General Information Metrics for Improving AI Model Training Efficiency

Xu, Jianfeng, Liu, Congcong, Tan, Xiaoying, Zhu, Xiaojie, Wu, Anpeng, Wan, Huan, Kong, Weijun, Li, Chun, Xu, Hu, Kuang, Kun, Wu, Fei

arXiv.org Artificial Intelligence 

Artificial intelligence (AI) is transforming numerous aspects of contemporary life, with advancements fueled largely by the training of models on extensive datasets (Pouyanfar et al. 2018; S. Dong et al. 2021; Bialkova 2024). This is particularly evident in areas like autonomous driving (S. Liu et al. 2024; C. Cui et al. 2024), generative AI (Feuerriegel et al. 2024; Huang et al. 2024), and medical image processing (Tian et al. 2024; Alzubaidi et al. 2024), which depend on large-scale model training. As these models expand to encompass hundreds of billions of parameters, the need for high-quality training data becomes critical (Zhao et al. 2023; Minaee et al. 2024).
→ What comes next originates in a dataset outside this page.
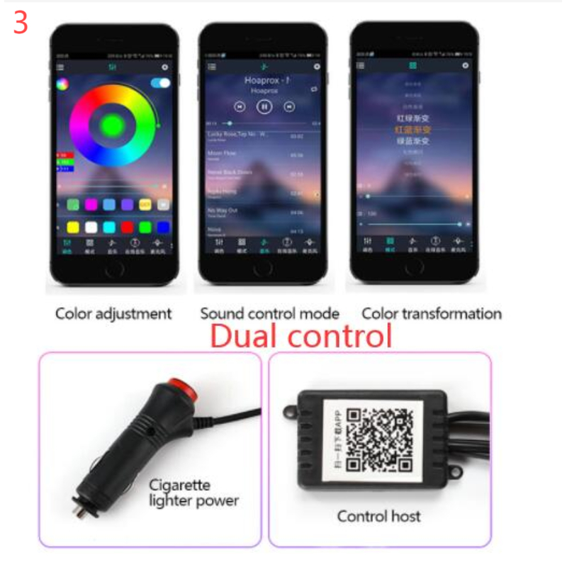 1. RGB mode, most color available, colorful interior car atmosphere light strips, enjoy a leisure and relax drive.

Training such large-scale models often requires tens to hundreds of trillions of tokens, substantial interdisciplinary effort over months, and a vast array of computational resources, including thousands of GPUs and high levels of energy consumption (Achiam et al. 2023; Touvron, Lavril, et al. 2023; Touvron, Martin, et al. 2023; Chowdhery et al. 2023). A core challenge is ensuring that training data is meticulously curated--ineffective data selection can yield models that underperform, fall short of desired objectives, and waste considerable resources (Chowdhery et al. 2023; Gunasekar et al. 2023b). Thus, once model architecture and algorithms are defined, the quality of the training data becomes paramount to a model's success, significantly influencing the performance and relevance of AI technologies across various domains (Hamid 2023; Zha et al. 2023).By focusing on data quality, small-scale models can achieve performance comparable to much larger models. For instance, Phi-1.5 achieves performance on par with models 5 times its size, while Phi-2 matches or even surpasses the performance of models 25 times larger(Gunasekar et al. 2023a; Y. Li et al. 2023).